Working with sound files is in the general proximity of the musical technique of sampling. Almost since sound recordings have been possible there has been an interest in reintegrating recorded sounds into a musical framework. The use of sound recordings was particularly pronounced in musique concrète in the post-war period in France, in hip hop and rap music from the 1980s onwards, with experimental musicians such as John Oswald or Vicki Bennett and, of course, in all kinds of forms of internet art since the 2000s. Working with sounds in the context of machine learning and neural networks is therefore close to this rather postmodern musical tradition of sampling.

Live electronics is another area for which today's presentation is of interest—in other words the live transformation, processing or generation of sound, either in combination with acoustic instruments, in pure form as a live performance or generated from live coding.


3.3 Fields of work in neural audio synthesis: overview

After this introduction we now come to the practicalities of composing with audio tools. The following tables divides the process into different steps.

edu sharing object


In the context of generative AI the two grey columns—training and generation—are the steps that are most directly associated with working with neural networks. In training, the activity of the network with a prepared database (in this case audio files) and in generation, after training has been completed, the generation of new data, in this case new sound files, on the basis of checkpoints or weights, i.e. calculated probabilities.

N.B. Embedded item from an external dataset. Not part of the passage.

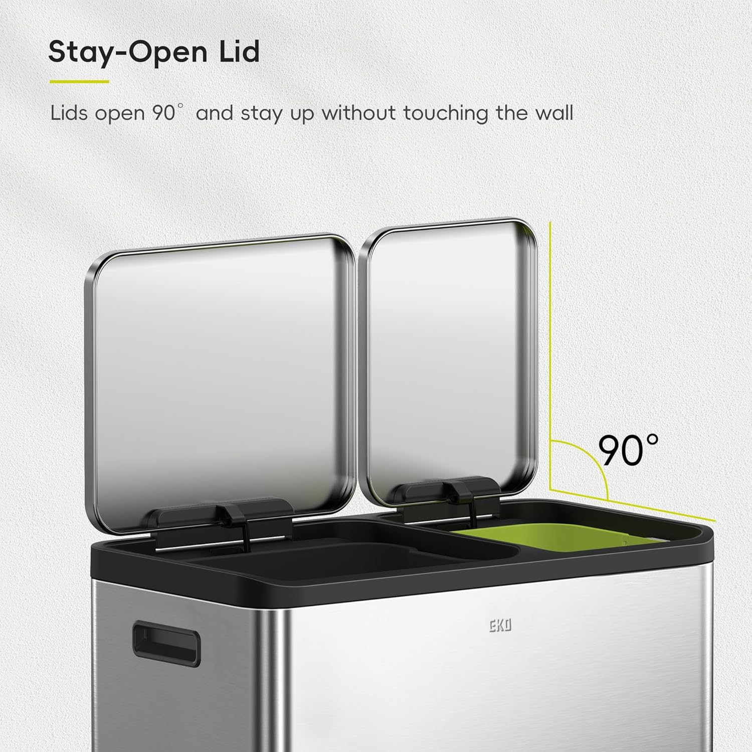 - Dual Compartment Trash Can - Easily distinguish between waste and recyclables with 2 removable, color-coded inner buckets (one 30 liter bucket, and one 20 liter bucket).

These two areas are obviously those that can only be carried out by an AI. The other steps, before and after, can be carried out manually, which is often the case.

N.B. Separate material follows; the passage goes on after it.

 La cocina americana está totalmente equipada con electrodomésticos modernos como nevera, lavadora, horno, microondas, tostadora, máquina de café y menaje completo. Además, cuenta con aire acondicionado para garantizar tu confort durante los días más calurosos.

Acquisition—one could also say collection—refers to the question of how to obtain sound files, where they come from and also how and where they are stored.

Preparation refers to the question of whether and how sound files are specifically prepared, i.e. cleaned, separated, grouped or combined, so that they function as a database for training and generation in a particularly successful way.

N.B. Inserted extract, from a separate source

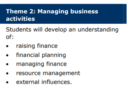 Theme 2 was studied in year 12 and it includes a lot of financial topics. It is crossed with strategy and examined in Paper 2 & Paper 3. Content summary and detail is included below:

Anyone who has been trying to generate a good result for a long time and is then faced with a large number of new files, which may all appear to be of comparable quality, has to deal with the issue of selection. How do you select and organise this amount of data?

And lastly, composition should be mentioned, although each of these steps itself has an impact on the type or character of the composition and is, therefore, actually part of composing. But here composition is meant in the literal sense of putting things together: how do I put the selected results together to form a piece of music, or a performance?

In addition, the question of spatialisation can also be an aspect. How are sound sources to be arranged in the room?

It is now interesting to consider to what extent these five steps, which are grouped around the two "classic" AI operations, can also be carried out using AI?

But why would this be interesting?

One often has to deal with large quantities of individual files. Automating such steps can enable workflows that would otherwise be impossible to manage quantitatively. However, unusual, artistically appealing orders can also be created qualitatively. For example, with techniques such as sorting sound files according to certain sound characteristics using clustering algorithms.


3 https://magenta.tensorflow.org/
4 http://scamp.marcevanstein.com/#